Every two page spread features, on the right hand side, an illustration of a location or a character or a feature from the novel Persuasion (by star of the English ten pound note, Jane Austen) with a tiny two or three word label underneath stating who – or what – this is meant to represent. All well and good and as expected.

On the opposite page – in big, big, print, the text that the book is tonally and visibly focusing upon – are always TWO words, an adjective (a colour) and a noun. I presumed – and I’d presume that most purchasers (and maybe even readers) of Persuasion: A Colors [sic] Primer would presume the same – that all of these colour and noun pairings would be raw, heady excerpts from Jane Austen’s infamous prose.

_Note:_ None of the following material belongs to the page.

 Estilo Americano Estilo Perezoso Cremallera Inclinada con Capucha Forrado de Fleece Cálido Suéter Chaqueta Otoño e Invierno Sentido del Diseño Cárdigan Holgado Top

I’m afraid, literature fans, that this is bullshit, and NOT ONLY does Jennifer Adams’ text not quote directly from the novel nor quote from it haphazardly without correct formatting to indicate ellipses or excisions (which could be excusable as this is a book for babies, some of the world’s least discerning readers), but Adams uses MULTIPLE colours in her book that aren’t even mentioned in Persuasion at all (as verified by a family text search on the Project Gutenberg version of the novel)…

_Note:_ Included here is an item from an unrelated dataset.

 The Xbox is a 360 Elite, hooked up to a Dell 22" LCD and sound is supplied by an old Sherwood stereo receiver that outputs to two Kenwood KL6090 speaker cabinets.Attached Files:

One of the illustrations shows a character in a green outfit, with the two word description: “SAGE DRESS”. The word “sage” does not appear in the novel.

We are shown a boat with “IVORY SAILS”. Ivory isn’t even mentioned as a material in Persuasion, let alone as a colour.

“BEIGE HOUSE”. No no no no no no no – not only was Austen not using the word “beige” as a colour, no one else was for a few more decades (according to Google’s Oxford University-backed etymology dictionary).

Austen was not an early adopter! Austen was not a powerhouse of neologisms! Austen was known for searing wit, psychological slash sociocultural insight and neat plotting, not for popularising new words for colours!

Adams does the same thing with the word “MAUVE” and though I can’t remember the noun that went with it (I’m on a train on the way to a job and I didn’t bring a baby’s board book with me), I do know (Wikipedia told me) that this wasn’t a popular word until 1859, by which point Austen had been dead for longer than I’ve been alive, and I’m so old that sometimes people look at me as if I’ve performed a miracle when I tell them I conceived a child within the last 18 months.

So, what this means is that the book contains nothing but lies.

False promises and lies.

This is not a heavily abridged version of Jane Austen’s Persuasion. This isn’t a version of Jane Austen’s Persuasion at all.

The colours included in this primer aren’t colours with any connection to the novel, or with early 19th century life at all.

The public domain is the public domain as far as intellectual property goes, I get that, but it feels dishonest, cruel and unliterary to use the name and the work of Jane Austen – one of the few non-monarch women who the Bank of England deems good enough to put on its money – to sell copies of this colour primer (tbf it is useful as a colour primer) that has no deep or meaningful relationship to the original text of Persuasion.

It’s a trap, it’s a con, it’s a gimmick, for sick, sad, literary losers like me who dream of raising precocious, literate toddlers.

Avoid, lest ye be riven with riotous disgust like me.

This is not Jane Austen’s Persuasion for babies. This is not Jane Austen’s Persuasion at all.